- **RECORDS PROVIDED**
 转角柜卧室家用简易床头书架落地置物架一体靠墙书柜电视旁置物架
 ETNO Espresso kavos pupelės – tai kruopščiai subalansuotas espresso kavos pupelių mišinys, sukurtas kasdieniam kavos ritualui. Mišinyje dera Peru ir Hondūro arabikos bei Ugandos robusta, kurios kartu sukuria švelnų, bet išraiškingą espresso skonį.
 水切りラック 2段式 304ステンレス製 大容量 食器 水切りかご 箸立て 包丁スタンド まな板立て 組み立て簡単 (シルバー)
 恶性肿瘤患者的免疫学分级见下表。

...

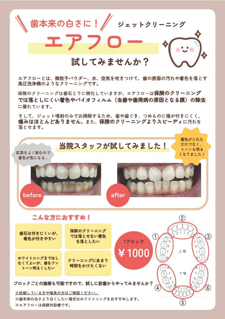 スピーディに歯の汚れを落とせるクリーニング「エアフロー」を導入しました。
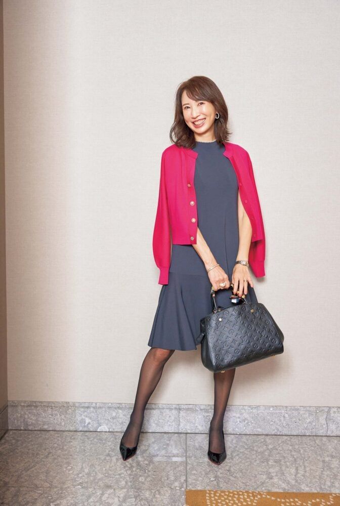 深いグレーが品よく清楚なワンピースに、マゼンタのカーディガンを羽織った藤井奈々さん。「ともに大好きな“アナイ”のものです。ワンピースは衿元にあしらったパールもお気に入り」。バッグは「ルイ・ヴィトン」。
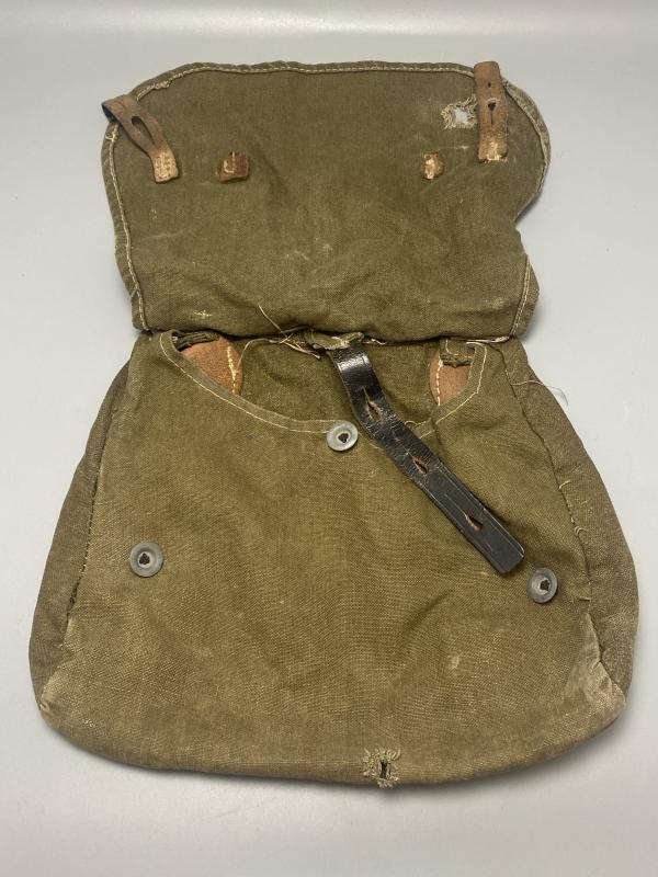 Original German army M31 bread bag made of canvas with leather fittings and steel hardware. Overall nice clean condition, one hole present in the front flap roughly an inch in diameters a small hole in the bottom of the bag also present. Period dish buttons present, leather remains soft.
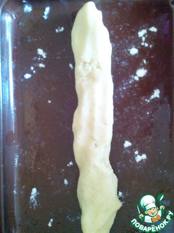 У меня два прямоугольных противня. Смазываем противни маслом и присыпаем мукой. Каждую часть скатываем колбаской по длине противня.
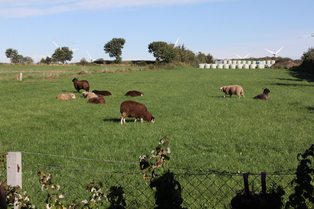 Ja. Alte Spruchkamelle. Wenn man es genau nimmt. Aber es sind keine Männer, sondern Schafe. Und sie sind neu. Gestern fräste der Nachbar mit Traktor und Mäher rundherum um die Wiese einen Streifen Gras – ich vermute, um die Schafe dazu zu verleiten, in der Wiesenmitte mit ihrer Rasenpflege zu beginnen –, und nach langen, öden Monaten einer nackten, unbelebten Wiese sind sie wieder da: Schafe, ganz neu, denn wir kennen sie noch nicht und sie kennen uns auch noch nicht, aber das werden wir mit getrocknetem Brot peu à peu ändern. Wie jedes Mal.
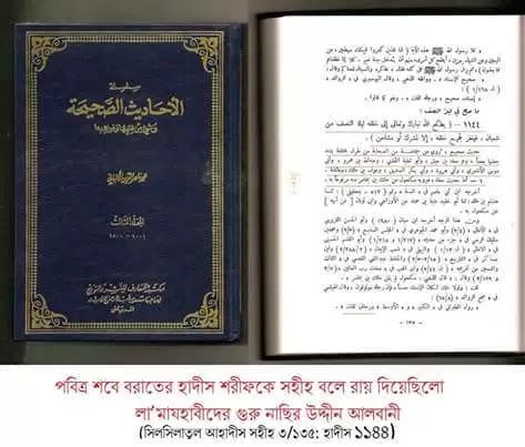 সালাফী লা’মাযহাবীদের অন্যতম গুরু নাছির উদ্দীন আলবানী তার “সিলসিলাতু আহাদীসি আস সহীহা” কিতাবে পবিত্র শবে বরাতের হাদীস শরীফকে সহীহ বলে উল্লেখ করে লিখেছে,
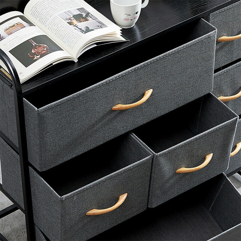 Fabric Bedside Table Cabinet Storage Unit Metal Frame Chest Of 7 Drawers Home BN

---

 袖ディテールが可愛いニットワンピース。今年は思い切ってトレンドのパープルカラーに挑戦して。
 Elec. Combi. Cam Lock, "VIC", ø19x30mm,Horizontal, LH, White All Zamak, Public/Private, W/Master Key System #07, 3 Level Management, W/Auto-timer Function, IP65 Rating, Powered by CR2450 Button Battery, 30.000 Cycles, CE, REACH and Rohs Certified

- **YOUR OBJECTIVE**
Give back exactly the lines above from the one with "深いグレーが品よく清楚なワン" through the one with "У меня два прямоугольных", both included. Pictures don't belong in the copy.

- **REPLY TO THE TASK**
 深いグレーが品よく清楚なワンピースに、マゼンタのカーディガンを羽織った藤井奈々さん。「ともに大好きな“アナイ”のものです。ワンピースは衿元にあしらったパールもお気に入り」。バッグは「ルイ・ヴィトン」。
 Original German army M31 bread bag made of canvas with leather fittings and steel hardware. Overall nice clean condition, one hole present in the front flap roughly an inch in diameters a small hole in the bottom of the bag also present. Period dish buttons present, leather remains soft.
 У меня два прямоугольных противня. Смазываем противни маслом и присыпаем мукой. Каждую часть скатываем колбаской по длине противня.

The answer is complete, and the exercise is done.